Umgeben von der Ringelnatz-Siedlung mit modernen Mehrfamilienhäusern, der Kolonie „Daheim“ mit Einfamilienhäusern und der längsten Grünfläche Berlins, dem Wuhletal. Außerdem befinden sich eine weitere Kita mit angeschlossenem Familienzentrum, ein Seniorenzentrum, eine Schwimmhalle, das Spreecenter mit diversen Einkaufsmöglichkeiten und die Feuerwache Hellersdorf, ein Polizeirevier, sowie das Unfallkrankenhaus Berlin in der Nähe.

Die Kita „Wuhleblick“ ist Teil des Trägers Kita-Dialog gGmbH und integriert in einem modernen Mehrfamilienhaus der Berlin Brandenburgischen Wohnungsbaugenossenschaft eG in der Cecilienstraße 184.

Altersstruktur

Es gibt einen Kleinstkindbereich für 15 Kinder im Alter von einem bis zweieinhalb Jahren, der Schutz und Anregung in separaten, hellen und großzügigen Funktionsräumen bietet. Eine Garderobe und ein Bad ergänzen diesen. Eine Badelandschaft nutzen wir vor allem für sinnliche Erfahrungen.
Für 70 Kinder im Alter von zweieinhalb Jahren bis zum Schuleintritt hält die Kita 6 Funktionsräume bereit, die durch ihre Lage, Größe und Funktionalität offene Strukturen ermöglichen und sowohl für Einblick, Überblick, aber auch Rückzug und Ruhe sorgen.
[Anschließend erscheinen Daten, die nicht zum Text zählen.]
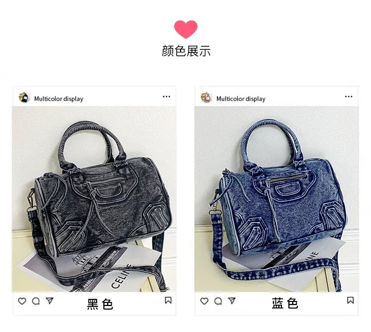 Women’s Denim Shoulder Bag – Large Capacity Crossbody Tote
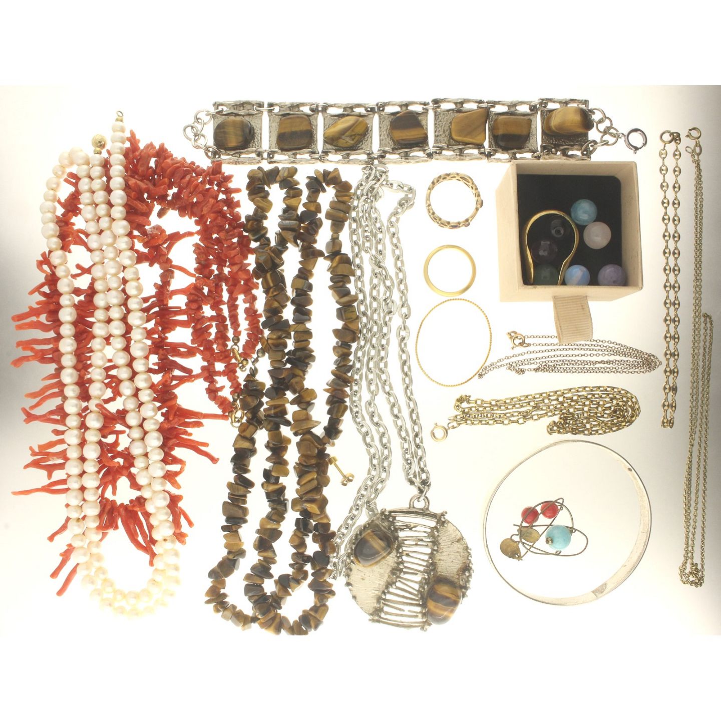 En koral halskæde, en perlehalskæde, et armbånd, fem diverse halskæde, en armring, et armbånd, tre ringe samt et vedhæng.

Auch hier gibt es moderne Garderoben und Bäder, welche in pädagogische Angebote mit einbezogen werden.

Raumgestaltung

Bei der Gestaltung der Funktionsräume orientieren wir uns an den Bildungsbereichen des Berliner Bildungsprogramms, sowie an den trägerinternen Vorgaben zur Raumgestaltung und bieten den Kindern vielfältige Erfahrungsmöglichkeiten unter anderem in den Bereichen Bewegung, Experimentieren und Forschen, Ruhe und Rückzug, Literacy, musisch-künstlerische Erfahrungen, Bauen und Konstruieren. Die konzeptionelle Entwicklung der Räume ist ein Prozess an dem alle Pädagogen_Innen maßgeblich beteiligt sind. Im Laufe der Entwicklung der konzeptionellen Arbeit werden wir die Raumkonzepte stetig evaluieren und den Bedürfnissen der Kinder anpassen.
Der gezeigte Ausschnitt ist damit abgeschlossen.